В течение двух последующих лет предсказание казалось ему изощренной издевкой.
«Это будет ребенок, больше я тебе ничего говорить не стану. А вот место, пожалуй, подскажу», — в пробковую доску с невесть откуда взявшейся картой канализации вонзился дротик, район Артур запомнил лишь примерно.
И поиски были настолько бесплодными, насколько это было возможно в их случае. Он десятки раз спасал свою задницу от агентов, потерял две трети экипажа, едва не словил заражение крови, но упрямо продолжал искать в самых разных сегментах Матрицы. Аляска, Сингапур, Румыния, Британия…
И нашел троих детей, а не одного. Слишком уж… аномальными они были, даже по меркам их извращенного мирка. Гнули ложки усилием мысли, не горели в огне и не расшибались, упав с десятого этажа. Рано или поздно Матрица разделалась бы с ними, как и с любой человеческой угрозой.
Вдобавок, вырастить троих Спасителей было бы надежнее, чем выбирать какого-то одного. И с первых дней он делал ставку на Интегру — рассудительную и спокойную в свои восемь лет, как целый буддийский монастырь, талантливую и подающую такие надежды. Что могло пойти не так?
Конечно же, все.
Артур смерил Алукарда тяжелым взглядом. В белом поле эмулятора он выглядел непривычно потерянным, жирной кляксой, пятном на проекторе. А пятнадцать лет назад, только оказавшись в майне, он успел придумать себе жареную кукурузу на палочке.
— Что ты чувствуешь сейчас? — спросил Артур не сразу, усевшись в появившееся из ниоткуда кресло. — Страх? Растерянность? Любопытство?
Хуже всего было то, что он даже не попытался изменить аватар. Так и остался бритым налысо, сутулым и доведенным до истощения призраком парнишки, который когда-то застрял в Матрице.
(«По твоей, Артур, вине!» — прокричала ему из воспоминаний Виктория)
— Гнев, — ответил ему Алукард. Он стоял, сложив руки на груди. Эмулятор вокруг него оставался стерильно белым.
«Хоть что-то не меняется», — ухмыльнулся Артур и сложил руки на груди.
— И что же тебя злит? Тот, кто изувечил тебя, «оборотень», как ты его называешь? Или тебя злю я, чему я удивлен уже не буду? Быть может, тебя злит дерьмовая жратва, постоянная качка, сырость и кашель? Они всегда тебя злили, юноша. Поэтому ты с такой охотой всегда бежал…
— Я никогда не бегу, — процедил сквозь зубы Алукард. — И никогда не прячусь.
— Что же тогда тебя злит?
— Мне никто не верит.
На секунду на его лице, которое Артур привык видеть неподвижным, каменным, мелькнуло старое, упрямое выражение. Поджатые губы, странная жажда в глазах, порывистость, нелогичность мысли — Артур с первых часов пробуждения понял, что с Алукардом будет много проблем. Оказалось, он даже не представлял себе масштабы бедствия.

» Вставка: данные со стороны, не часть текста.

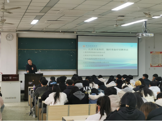 成都树德中学高中数学高级教师陈学良以“扎实专业,争取机会,逐鹿梦想,乐享一生”为主题,结合自身学习和工作经历,分别从高中教师招聘、年轻教师机遇与梦想追求、职业选择和职业态度等方面为学生进行了有趣且实用的分享。陈老师在讲座中强调大学生要学好专业知识,这是作为教师的底气,要积极抓住各种示范课、公开课的机会展示自己,要热爱自己的教师职业,并为职业生涯进阶坚持奋斗。

— Что ты вампир? Великий носферату? Порождение ночи и душевной боли? В это никто не верит? — откровенно ехидно спросил Артур.
«Ты не веришь, что я смогу что-то в Матрице, старый козел, потому что я тебе не нравлюсь!» — кажется, тогда они впервые сцепились всерьез. На глазах у расплакавшейся Интегры и утешавшего ее Ватару — невозмутимого, рационального и в этой рациональности даже… жестокого.
Алукард посмотрел на него исподлобья, отвечать на издевку не стал, но повторил этот страшно раздражавший весь экипаж жест: приложил ладонь к губам и чмокнул, будто поправляя вставную челюсть. Это насколько же упертым надо быть ослом…
«Каков отец — таков и сын», — обычно добавляла Виктория, наклеивая ворчливо гнусавящему что-то Алукарду пластырь на колено. Артур всегда отказывался признать, что она права.
— Возможно, они не считают так из-за этого? — Артур указал подбородком Алукарду за спину.
Тот резко обернулся, подобрался, будто готовый к драке (он всегда был готов к драке). И остолбенел.
Он видел «Хеллгейт», чуть менее латаный и изношенный. Видел сноп искр и чувствовал запах припоя, горелых проводов и плавящегося оптоволокна. И девочку лет восьми — нескладную и худую от скудного питания, криво связанный свитер с перетянутыми петлями болтался на ней, как тряпка на швабре, обнажая впалые ключицы и тощую грудь. Она возилась с паяльником, убрав за уши пряди длинных волос, увлеченно вертела в руках какую-то запчасть, кусала губы, прикидывала…
— Эй, ну сколько можно? — из-за плеча остолбеневшего Алукарда, едва не толкнув его плечом, вышел-выбежал громкий, взъерошенный и какой-то дерганый мальчишка. — Ты обещала, что почитаешь мне, а сама ерундой какой-то занимаешься.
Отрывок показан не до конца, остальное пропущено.